In most embryogenic systems described until now, embryogenic cells show characteristics common to meristematic cells, including a high nucleus:cytoplasm ratio, a dense cytoplasm, and small fragmented vacuoles (Williams and Maheswaran 1986; Fehér et al., 2003). However, meristematic cells have spherically shaped nuclei with several small nucleoli and most of the chromatin exists as heterochromatin, whereas embryogenic cells have irregularly shaped nuclei with invaginations of the nuclear membrane, contain one large nucleolus and thick cell walls (Verdeil et al., 2007).

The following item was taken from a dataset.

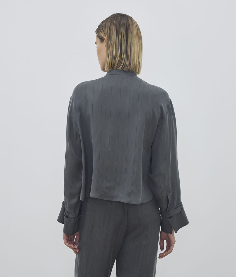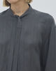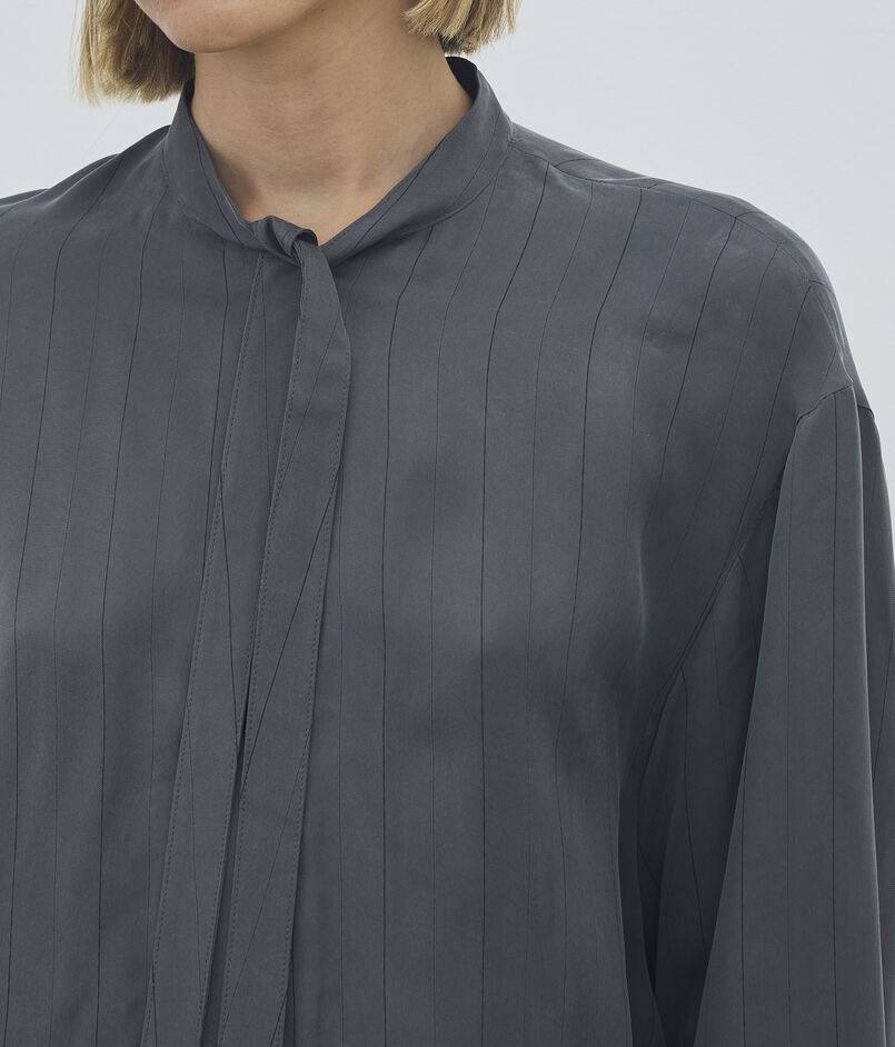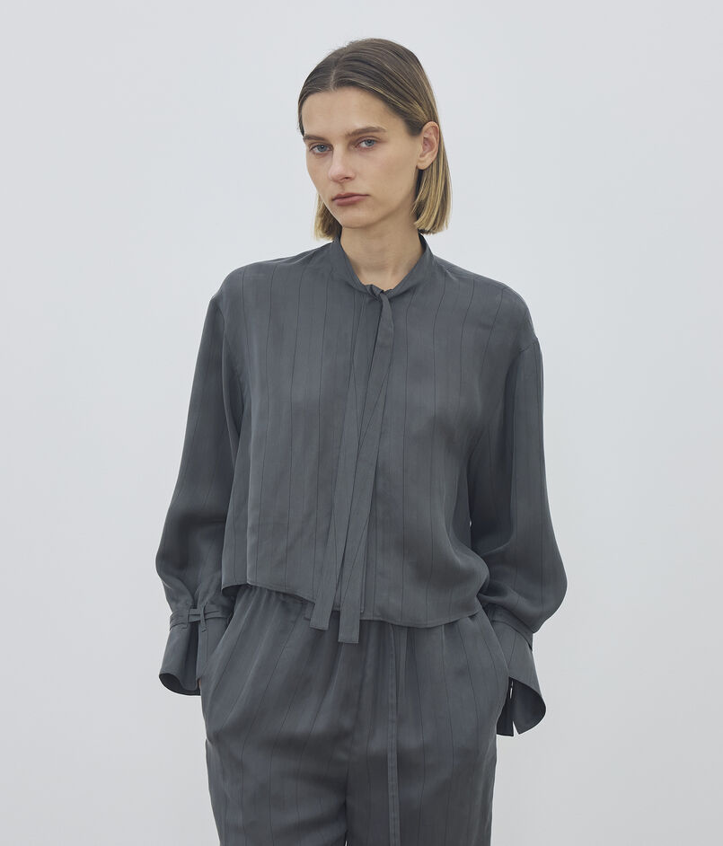 後染めで繊細に染め分けられたキュプラストライプ素材を使用したブラウス。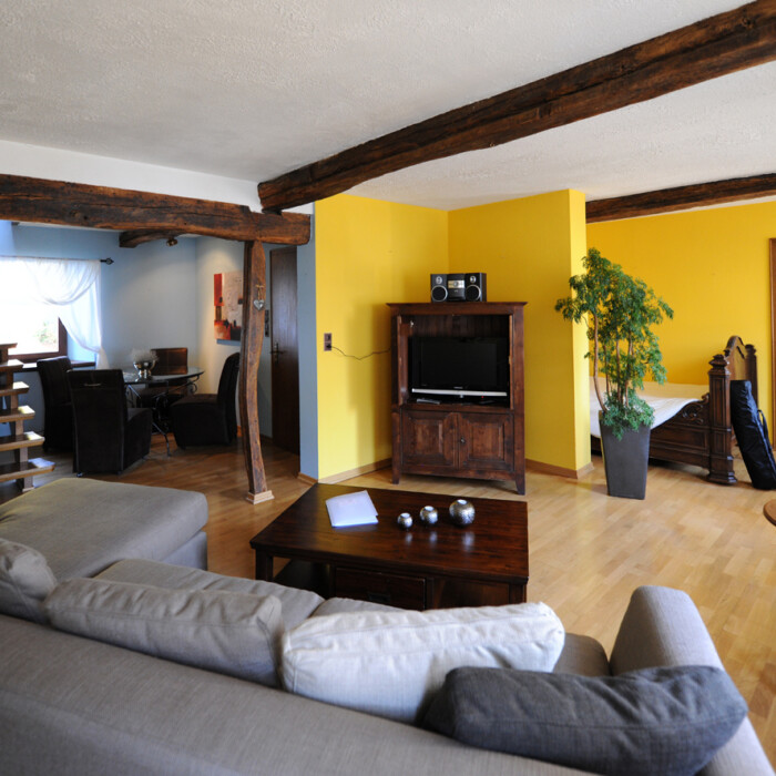 - Ein gemütliches Wohnzimmer mit komfortablem Sofa und + Chaiselongue sowie ein separates, großzügiges Schlafzimmer

The morphological, histological and cytological analysis of SE is also an object of studies leading to an understanding of the basis of the totipotency, differentiation, dedifferentiation, transdifferentiation and changes in cell fate and can help in the understanding of the developmental processes taking place during plant growth and development (Quiroz-Figueroa et al., 2006; Sugimoto et al., 2011).

Descriptions of the changes occurring during the transition of somatic cells into embryogenically competent cells and histodifferentiation of somatic embryos were reported for Acrocomia aculeata (Moura et al., 2010), Hordeum vulgari (Wrobel et al., 2011), Musa spp. (Pan et al., 2011) and Passiflora (Rocha et al.,2012). Histochemical tests and ultrastructure analysis have also been used to monitor the synthesis and mobilization of reserves during the embryogenic process (Taylor and Vasil, 1996; Moura et al., 2010; Rocha et al., 2012).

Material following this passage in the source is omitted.